Freeman

ARTICLE

Nationalize the Power Companies?

MARCH 01, 1975 by ARCH BOOTH

Mr. Booth is president of the Chamber of Commerce of the United States. This article is from his Voice of Business column of December 16, 1974.

It’s no news to most people that the nation’s electric utilities are having big problems. The price of imported oil has soared, natural gas is running low, high-sulfur coal can’t be burned, low-sulfur coal can’t be mined, and the coal that is available is getting more expensive fast. Added to all of the above, the nuclear power plants that were supposed to be helping out by now are far behind schedule.

For all of these reasons, the cost of electricity has been going up steeply — and the tempers of consumers have been keeping pace.
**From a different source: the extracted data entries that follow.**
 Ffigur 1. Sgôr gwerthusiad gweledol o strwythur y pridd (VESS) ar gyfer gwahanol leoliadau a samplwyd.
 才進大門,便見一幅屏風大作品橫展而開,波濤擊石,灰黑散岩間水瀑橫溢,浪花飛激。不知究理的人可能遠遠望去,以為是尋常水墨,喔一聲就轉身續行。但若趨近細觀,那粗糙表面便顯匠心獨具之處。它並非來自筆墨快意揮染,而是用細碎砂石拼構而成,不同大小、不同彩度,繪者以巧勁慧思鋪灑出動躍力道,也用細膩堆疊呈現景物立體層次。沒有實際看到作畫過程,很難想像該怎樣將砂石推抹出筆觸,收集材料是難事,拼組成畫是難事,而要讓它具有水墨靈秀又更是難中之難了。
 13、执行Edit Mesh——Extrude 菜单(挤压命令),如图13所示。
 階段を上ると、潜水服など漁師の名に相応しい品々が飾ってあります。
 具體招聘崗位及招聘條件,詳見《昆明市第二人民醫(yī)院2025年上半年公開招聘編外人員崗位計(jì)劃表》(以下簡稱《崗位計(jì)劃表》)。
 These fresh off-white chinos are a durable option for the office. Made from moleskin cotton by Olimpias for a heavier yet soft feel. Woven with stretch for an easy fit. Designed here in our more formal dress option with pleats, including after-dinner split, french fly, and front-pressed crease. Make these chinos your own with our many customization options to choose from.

The utilities have not caused the bad news, but it is their misfortune to be the bearer of it — in the form of their monthly bills. And some people are reacting much as did those ancient rulers who were inclined to behead a messenger bringing bad news.
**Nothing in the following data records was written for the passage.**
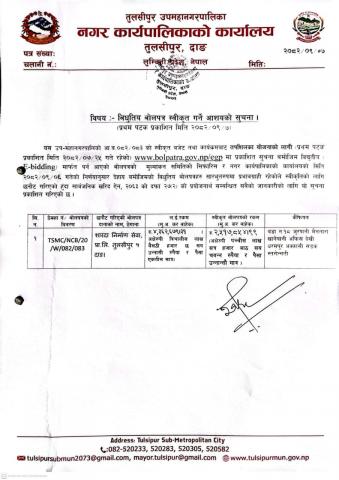 विद्युतीय बोलपत्र स्वीकृत गर्ने आशयको सूचना.... प्रथम पटक प्रकाशित मिति : २०८२/०९/०७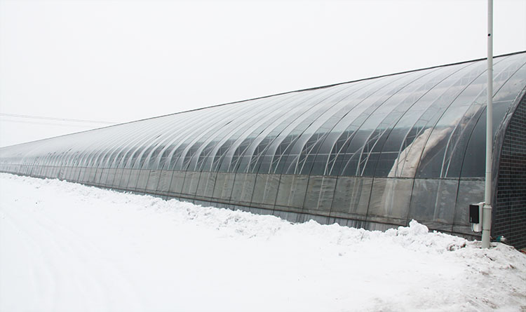 3、保溫性:雙膜單被,隔熱保溫好。晴天,外界-30℃下,棚內溫度可以達到8℃以上。冬季不加溫可以進(jìn)行果菜類(lèi)生產(chǎn)。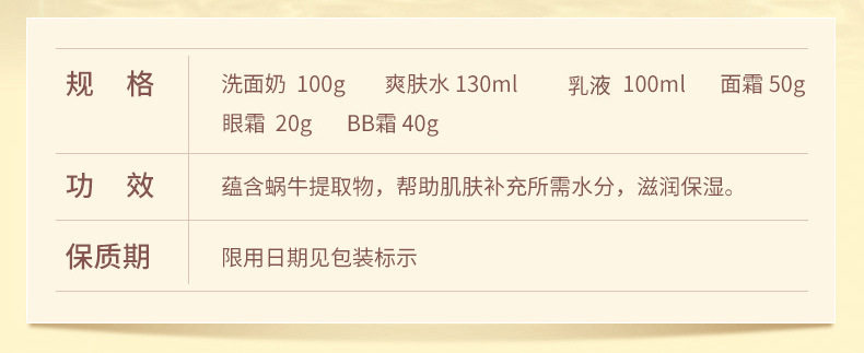 | Color Classification | Snail Essence Skin Care Six-Piece Set |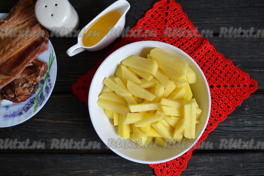 Очистить картофель и нарезать соломкой (можно нарезать и кубиками).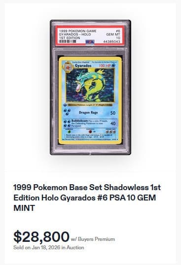 Das feuerrote Garados-Goldstar aus der Erweiterung EX Holon Phantoms ist ein wahrer Schatz für Sammler. Bis heute haben nur 37 Exemplare die höchstmögliche PSA-10-Bewertung erreicht. Im vergangenen Jahr wurde eine dieser Karten für 60.000 US-Dollar (ca. 51.500 €) versteigert. Dieser Preis konnte am 7. Januar 2026 noch einmal deutlich gesteigert werden. Bei eBay wechselte eine PSA-10-Karte für beeindruckende 98.888 US-Dollar (ca. 84.500 €) den Besitzer.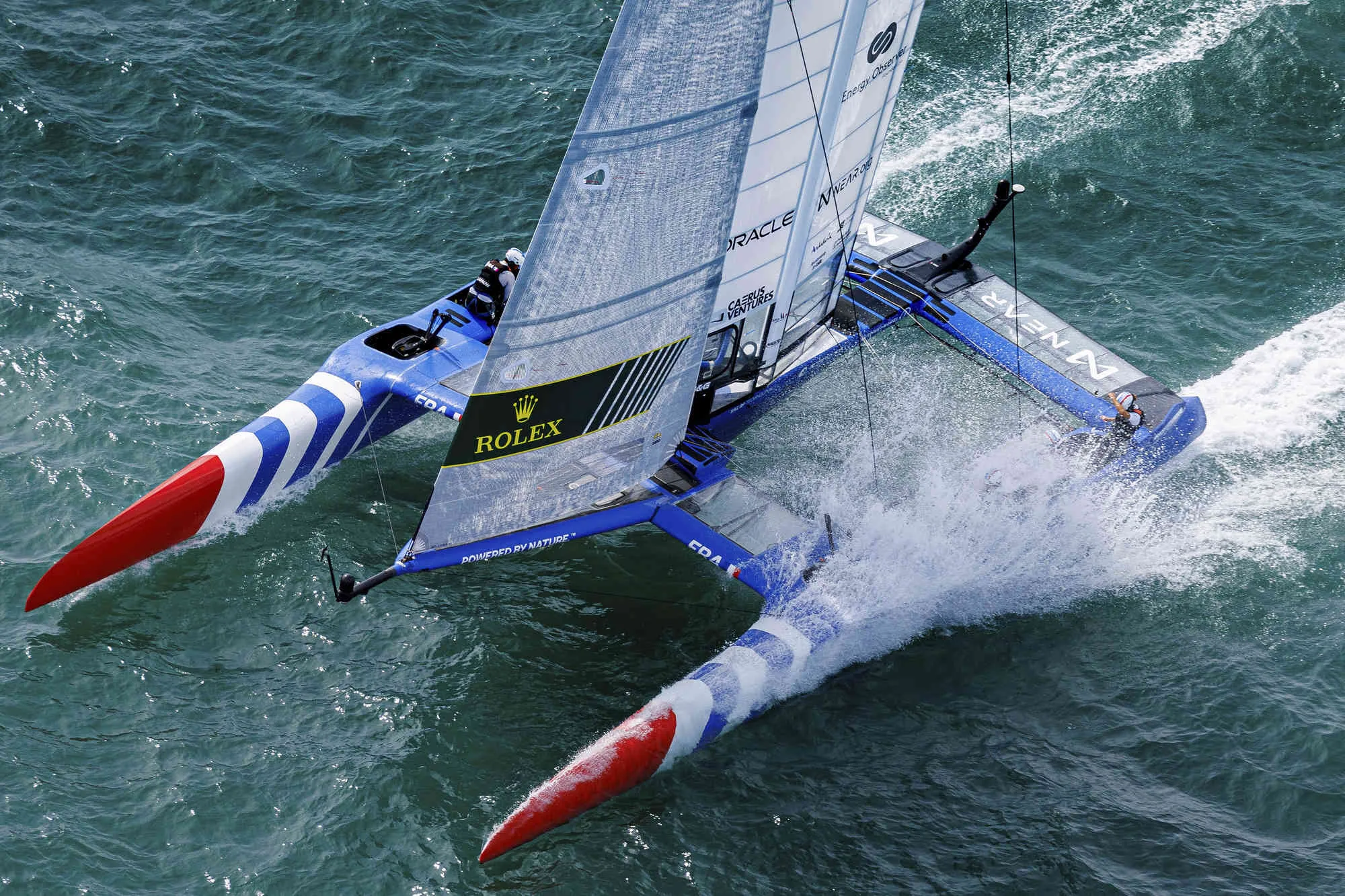In this photo provided by SailGP, the France SailGP Team, helmed by Quentin Delapierre, sail their way to victory as they win their first ever SailGP event at the Spain Sail Grand Prix in Cadiz, Andalusia, Spain, Sunday, September 25, 2022. (Photo by David Gray/SailGP via AP Photo)

Predictably, demagogic politicians have seen in this situation an opportunity to enlarge their empires. Cries are being heard for government takeovers of the elec­tric utilities.

 The presumption, of course, is that the government could do a more efficient job of providing power than the private companies.

But could it? The country’s largest electric power system is a Federal agency — the Tennessee Valley Authority. So, before we start nationalizing the private electric industry, it might be advisable to take a look at TVA.

First, TVA priced its electricity low and encouraged all-electric homes — a practice that environmentalists consider a waste of resources when a private company does it. Consequently, TVA serves more all-electric homes than any other electric utility.

Second, TVA let its vital coal reserves get danger­ously low while it waited for the price to come down. The price went up. Now the agency is frantically scrambling to scrape up enough to see it through the winter. And it doesn’t look as if it’ll make it.

TVA has already asked its biggest single customer —The Atomic Energy Commission — to accept a 50 per cent power cut. It was an offer the AEC couldn’t refuse.

TVA also appealed to its other customers to reduce power use by at least 20 per cent. The result was a five per cent reduction.

Now, TVA is talking about a mandatory five per cent power reduction. If that isn’t enough, the next step will be to cut off business and industrial users. After that will come "rotating brownouts," during which one-third of an area’s power will be cut on a rotating basis.

Clearly, government-run utilities are not immune either to management mistakes or to the effects of price increases in the fuel market. Of course, the government does have the ability to use tax revenue to paper over the gap between income and outgo. But that doesn’t really save the consumer money — it just takes it out of another pocket. And, government subsidies disguise the true cost of a product, which invariably leads to waste­ful and inefficient use of scarce resources.

Nationalize the power companies? Well, let’s put it this way: Would you want your electricity to be deliv­ered by the U.S. Postal Service?